My laptop's sensor is courtesy Authentec, the same company that Apple acquired and I assume is to be credited for iPhone 5S's new security consciousness. In biometrics, the more difficult-to-fool-and-replicate method of finger-vein authentication has been available for a while now here and here . Finger vein authentication has the additional advantage of requiring a finger to be attached to a living person. But I haven't seen anyone reduce the reader to the size and profile needed for a smartphone—you need to shine a light through your finger.
For slightly bigger profiles, check out EDN Asia's new Design Idea, Finger vein identification lowers cost for biometric system. It's a project by students from the Universiti Sains Malaysia.
OK, this might not be such a big deal but then is there anything that's a big deal about the new iPhone models? I mean other than S = steep and C = cheap [not really]? More colours like Nokia? Better at supporting LTE variants? Maybe.
Well, there may be something in the M7 motion co-processor. Nike's got a health app that will benefit from it. But I think it is the developer community that will exploit the hardware to bring innovation to the iPhone.
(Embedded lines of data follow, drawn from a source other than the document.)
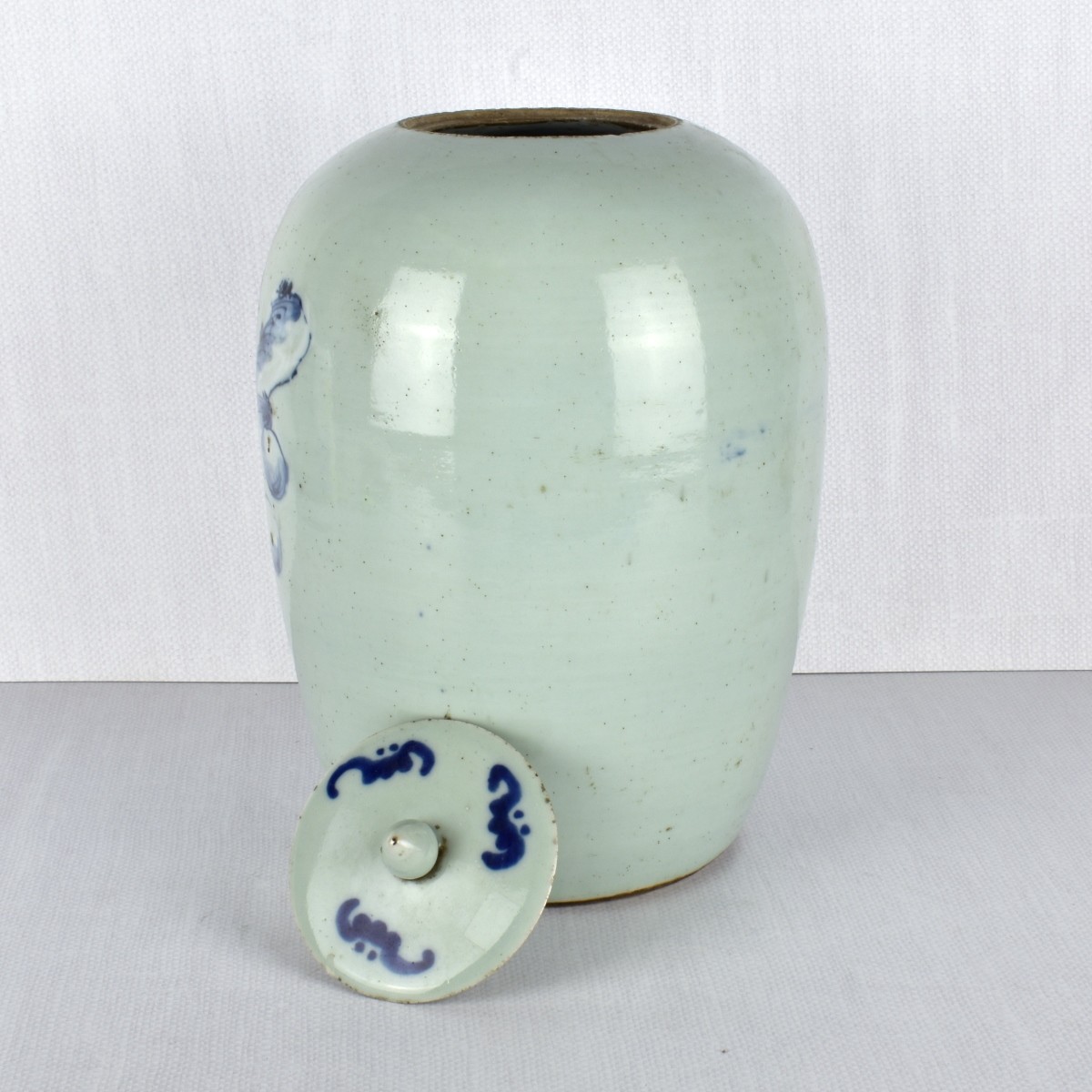 Chinese Celadon Figural Ginger Jar. With a lid having an acorn finial. Depicts Shou Lao with other figures. Unmarked. 19th century. Measures: 11-3/4" H, 8-1/2" Dia. Condition: Good condition. Estimate: $150.00 - $250.00 Domestic Shipping: Third party.
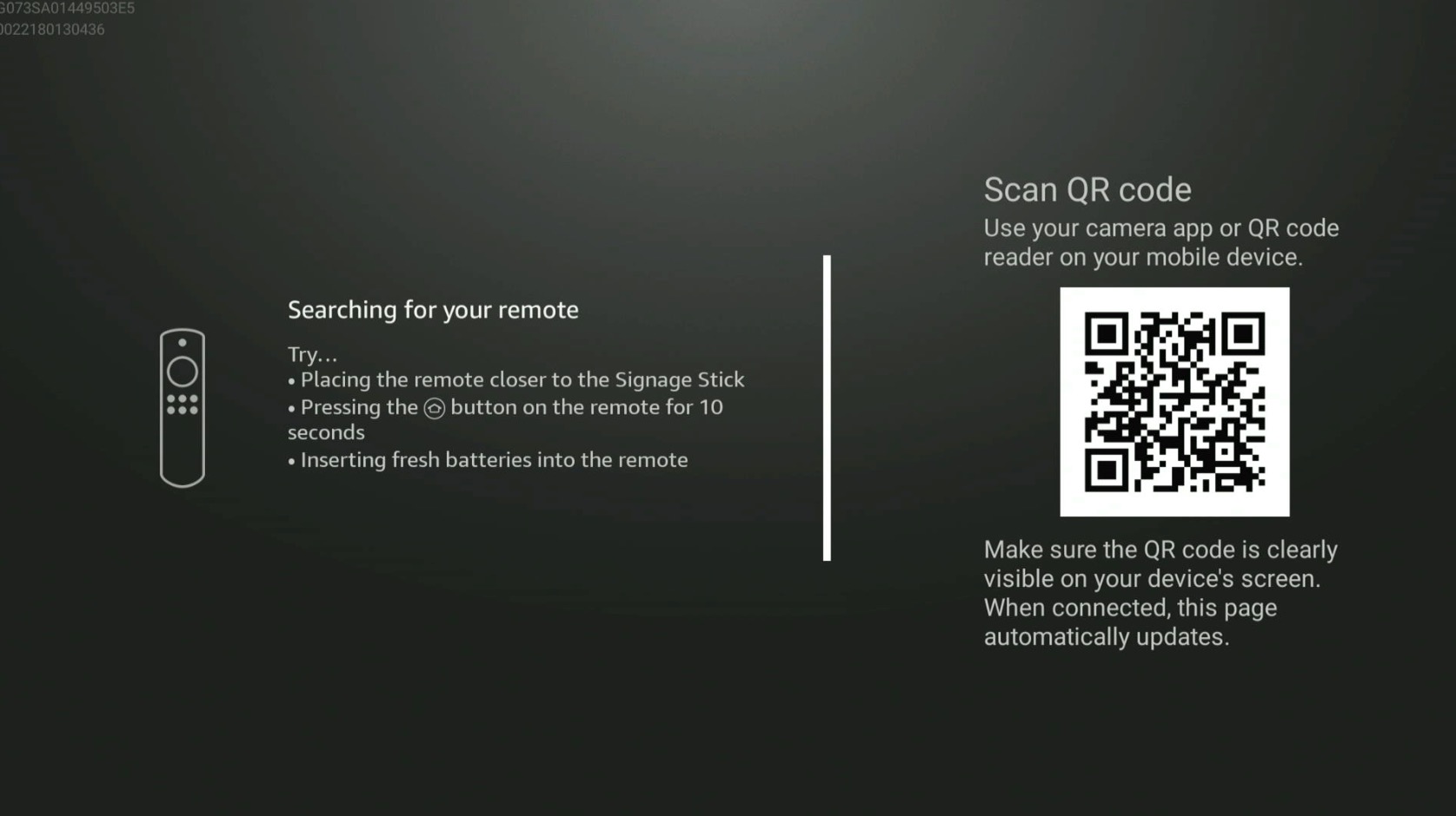 Amazon Signage pairing screen.
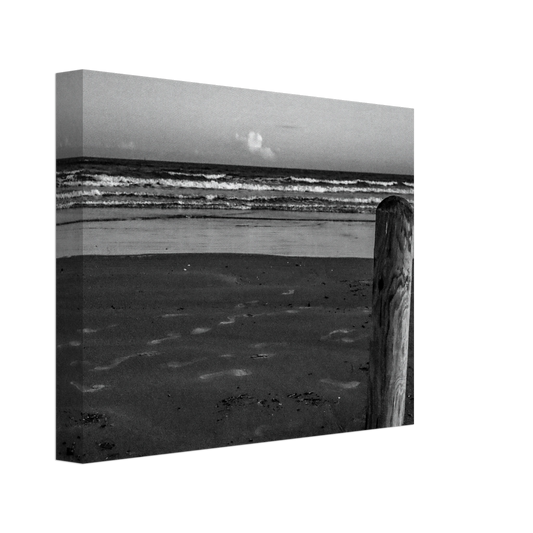 Ocean Beach W/ Wooden Post; Port Aransas, Texas Black & White Canvas
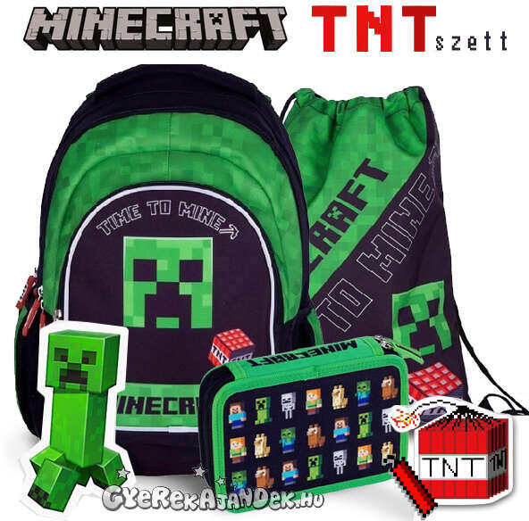 Minecraft iskolatáska hátizsák 42 cm SZETT - TNT Iskolatáska fiúknak Az iskolatáska szett tartalma az ergonomikus iskolatáska, az emeletes tolltartó és a tornazsák. A Minecraft iskolatáska a népszerű számítógépes játék jellegzetes karakterei közül Creeper és az elmaradhatatlan TNT bomba jeleníti meg mintázatán. Praktikus hátizsák 3 rekeszében kényelmesen lehet pakolni.
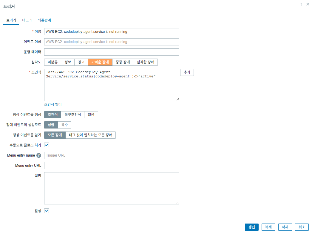 - Expression: last(/AWS EC2 Codedeploy-Agent Service/service.status[codedeploy-agent])<>"active"
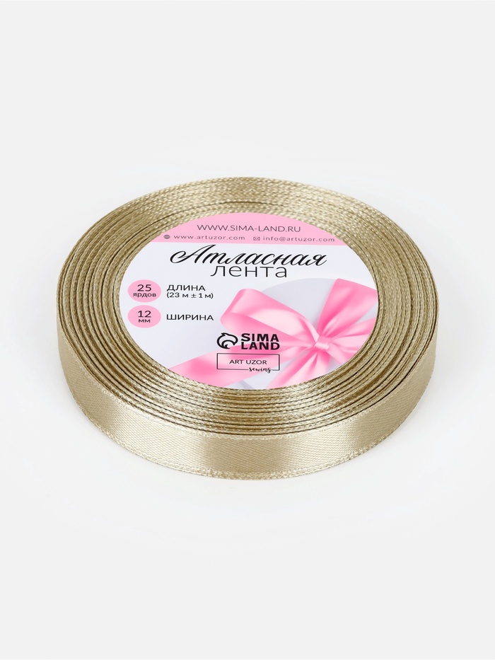 Лента атласная, 12 мм, 23±1 м, тёмно-кремовая — Характеристики
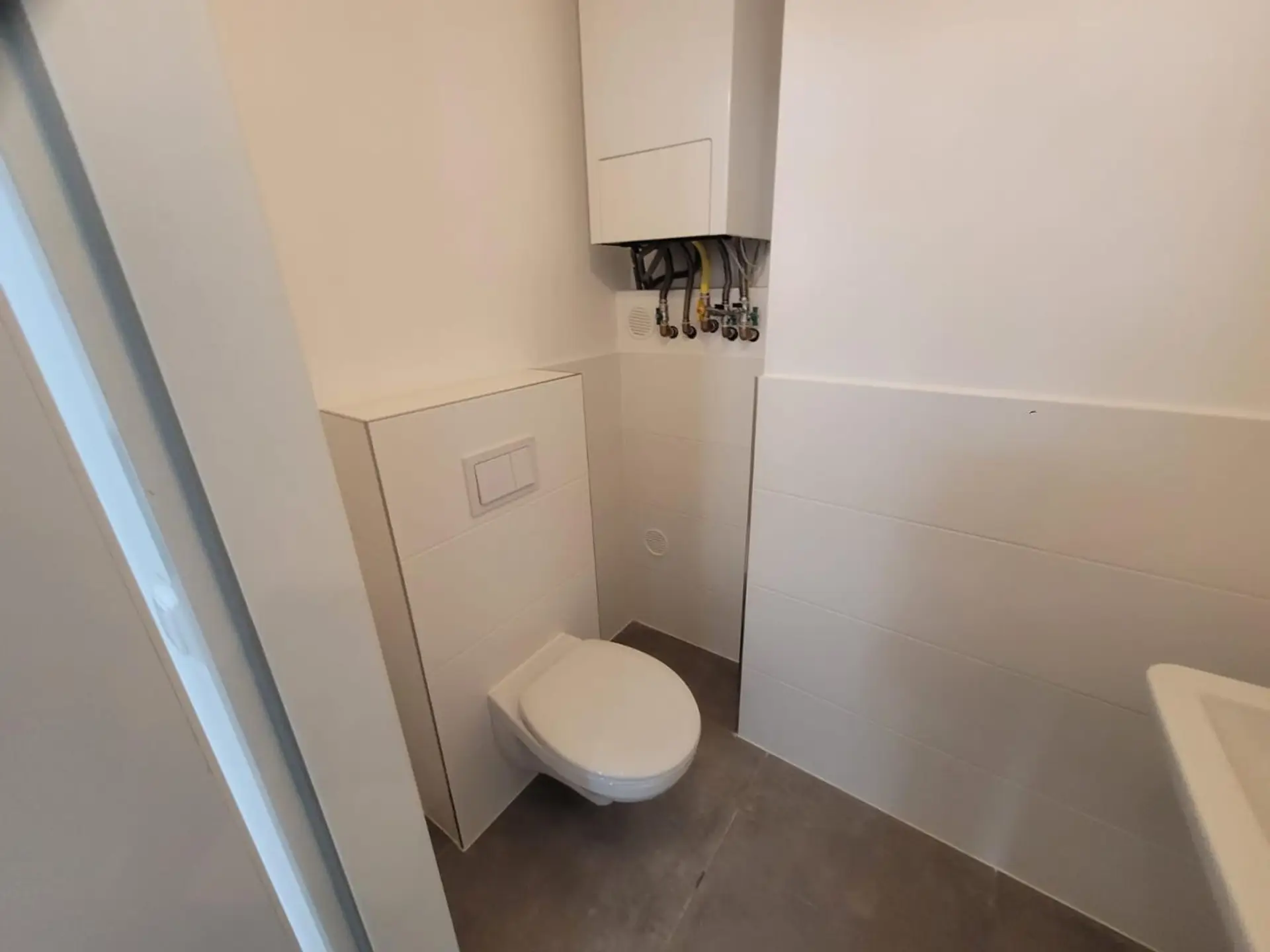Die Toilette ist vom Vorzimmer aus begehbar.
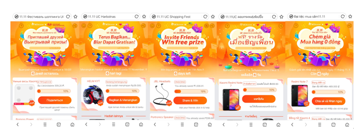 不僅在端內發放海量電商平台商品優惠券,UC還在五國市場同期上線了“全民砍價”和“雙11錦鯉“的新玩法。一系列端內活動為用户提供好玩又實惠的信息服務及購物體驗。
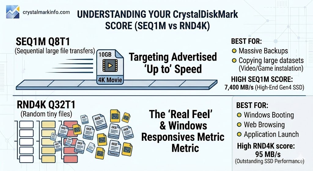 Wondering what a good CrystalDiskMark score is? We break down SEQ1M vs RND4K speeds and provide average benchmark ranges for HDDs, SATA SSDs, and NVMe drives.
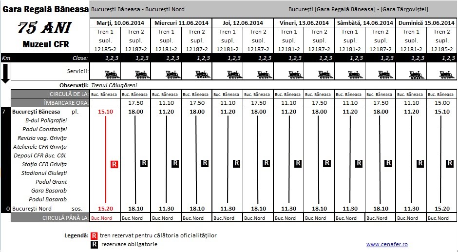 TRENUL CĂLUGĂRENI: va circula zilnic, în perioada evenimentului, pe relaţia Bucureşti Nord - Bucureşti Băneasa, 2 curse pe zi.
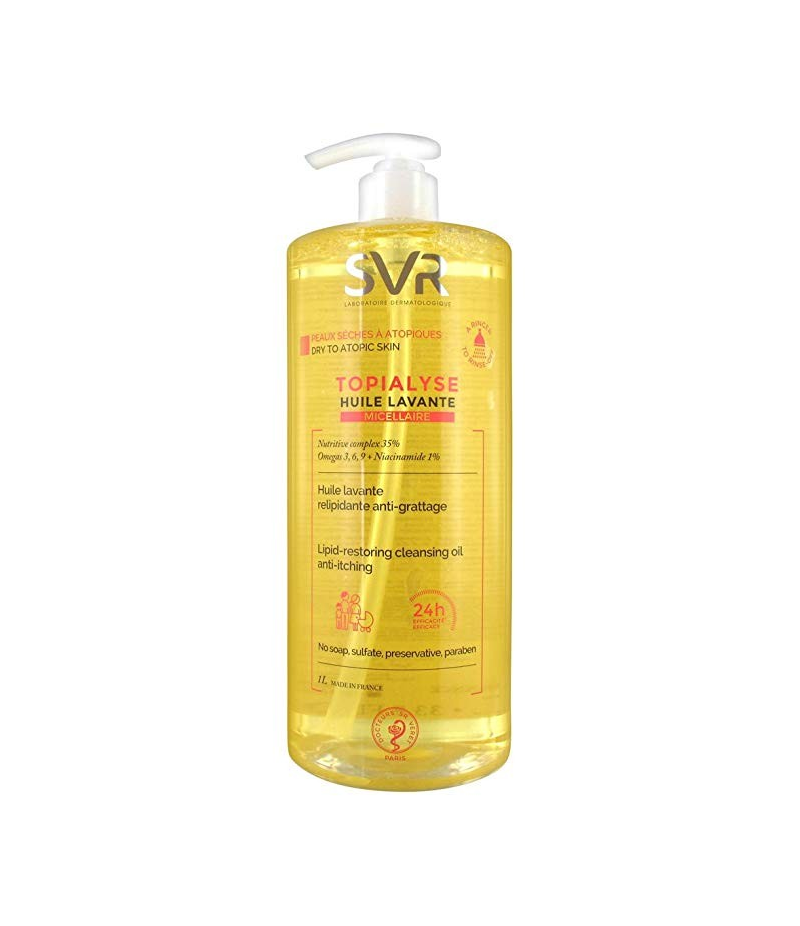SVR Topialyse Huile Lavante Micellaire 1 L est une huile lavante sans sulfate formulée à base de tensio-actifs ultra-doux pour nettoyer les peaux les plus sensibles tout en douceur et les protéger du dessèchement cutané.
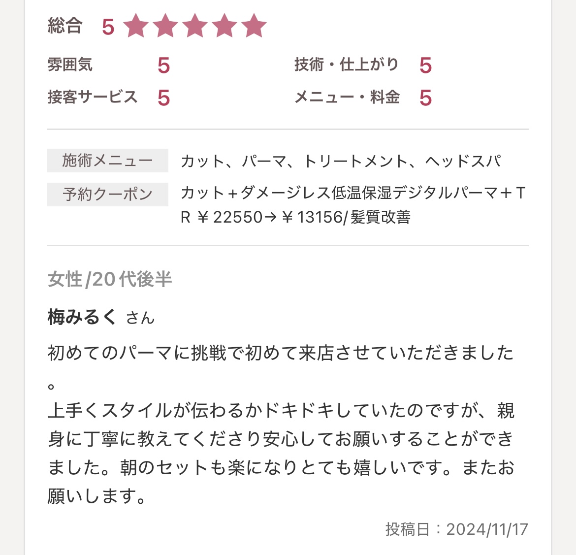 お客様から頂きましたホットペッパービューティの口コミをご紹介させていただきます☆
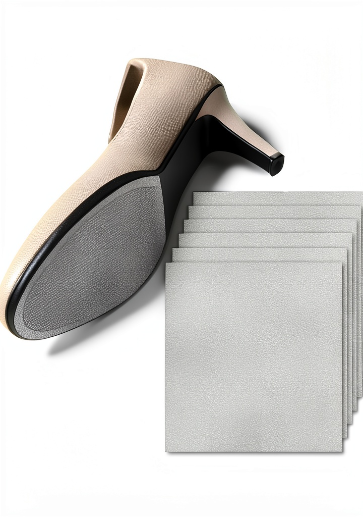Clean the shoe sole thoroughly, peel off the backing, and press the sticker firmly onto the sole. For removal, gently heat the sticker with a hairdryer to loosen the adhesive.
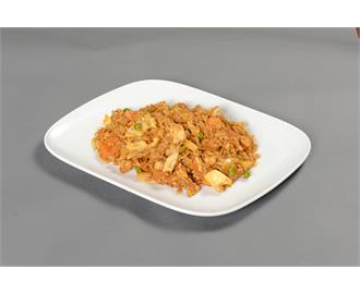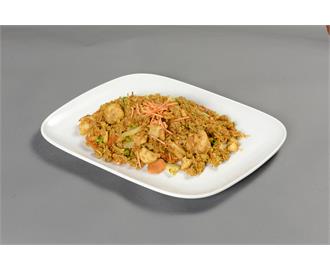 €9.90Gebratener Reis mit Hähnchenfleisch und Garnelen, gelber Currypaste, Ei und Gemüse
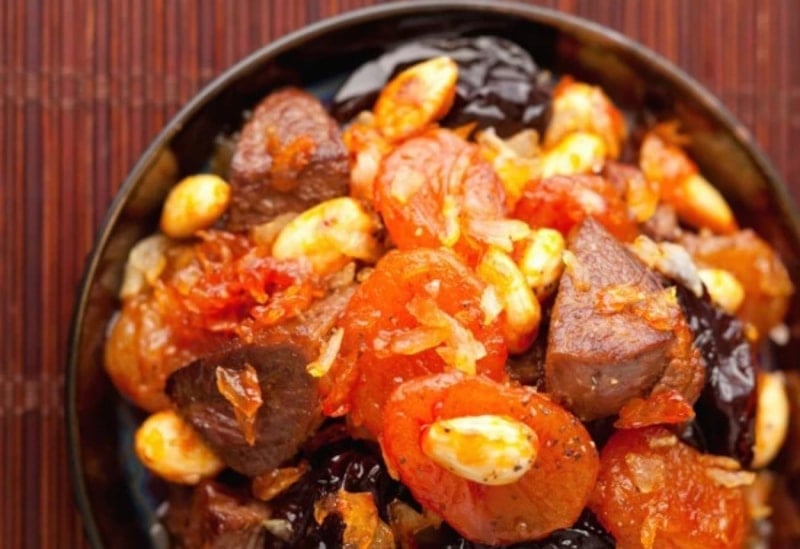 Kuzu eti, badem, kuru kayısı ve bal ile hazırlanan, tatlı ile tuzlunun mükemmel birleşimini sunan saray yemeği.
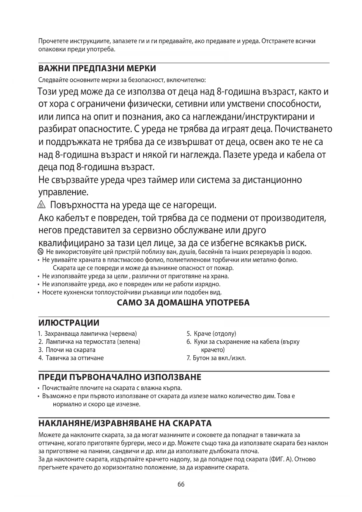 AE66 Прочетете инструкциите, запазете ги и ги предавайте, ако предавате и уреда. Отстранете всички опаковки преди употреба. ВАЖНИ ПРЕДПАЗНИ МЕРКИ Следвайте основните мерки за безопасност, включително: Този уред може да се използва от деца над 8-годишна възраст, както и от хора с ограничени физически, сетивни или умствени способности, или липса на опит и познания, ако са наглеждани/инструктирани и разбират опасностите. С уреда не трябва да играят деца. Почистването и поддръжката не трябва да се извършват от деца, освен ако те не са над 8-годишна възраст и някой ги наглежда. Пазете уреда и кабела от деца под 8-годишна възраст. Не свързвайте уреда чрез таймер или система за дистанционно управление. ¬ Повърхността на уреда ще се нагорещи. Ако кабелът е повреден, той трябва да се подмени от производителя, негов представител за сервизно обслужване или друго квалифицирано за тази цел лице, за да се избегне всякакъв риск. b Не використовуйте цей пристрій поблизу ван, душів, басейнів та інших резервуарів із водою.
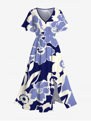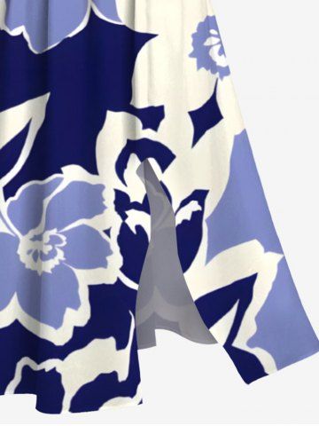 Plus Size Two Tone Flower Print Hawaii Split Pocket A Line Midi Dress - Sky Blue - S

To be fair, Apple did just add a couple of suffixes to the older model that's now discontinued. Perhaps they are trying to tell us that it is a gentle evolution not a revolution. We've just been spoiled silly by previous exciting innovations and should expect a more glacial pace from them. Or, I'm in the mood to whine because I'm about to let go of my antique cell phone in favour of an iPhone.